EX-99.2 3 d840148dex992.htm EX-99.2 EX-99.2

Exhibit 99.2

December 8, 2019

Dear Synthorx Employees,

I have exciting news to share with you about a significant announcement we have made describing Sanofi’s intent to acquire Synthorx. Attached is a copy of the press release announcing the proposed transaction.

As a company, we have one-of-a-kind DNA and as individuals we are all unique, but together we have always been one for patients. We have a common goal to improve the lives of people with cancer and autoimmune disorders through our proprietary, first-of-its kind platform technology designed to create optimized biologics. We should all be extremely proud of the scientific impact we are making and the tremendous success of our company. The acquisition of Synthorx by Sanofi gives us reach and impact that we could not have had alone. We know THOR-707 and our cytokine Synthorins have tremendous potential, but to help the greatest number of patients, we need studies combining our drugs with other agents. Now we have a greater ability to do this.

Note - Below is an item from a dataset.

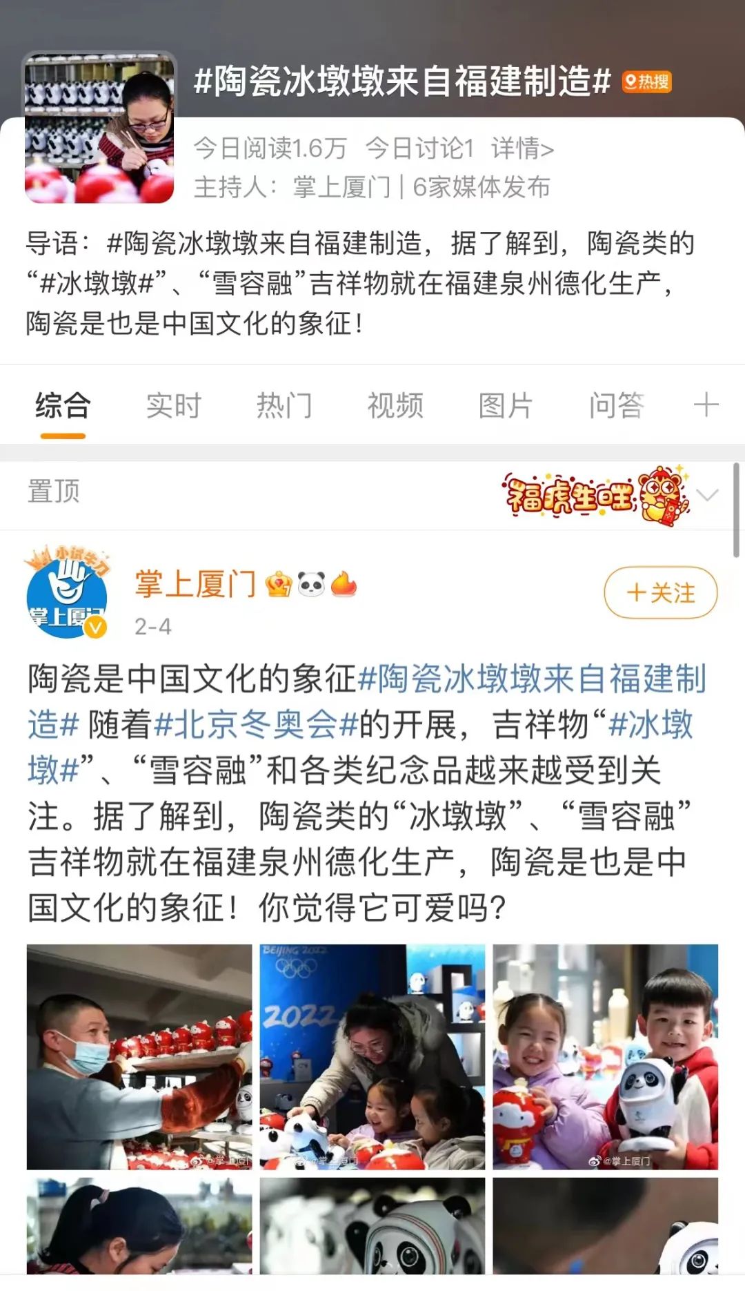 △陶瓷冰墩墩来自福建制造。/微博截图

It is important for me to emphasize that this development was a direct result of the hard work and dedication of all our Synthoricians, our founder Floyd Romesberg, the COI team and our many partners that have helped us along the way. The addition of Synthorx to the Sanofi family creates an opportunity for us to become part of a company that is a market leader in healthcare, furthering our mission to prolong and improve the lives of people with cancer and autoimmune disorders. Sanofi is a global leader in the areas of oncology and the treatment of autoimmune disorders, providing comprehensive clinical laboratory and end-to-end drug development services.

The acquisition of Synthorx advances Sanofi’s strategy to deliver world-class oncology and autoimmune disorder therapies. Our technology complements Sanofi’s extensive cancer and autoimmune disorder products and product candidate pipeline. Additionally, Sanofi can leverage its significant in-place infrastructure to further develop and commercialize the product candidates Synthorx is working to develop. For Synthorx, becoming part of Sanofi helps us advance our cytokine Synthorins and our technology platform with greater efficiency and resources.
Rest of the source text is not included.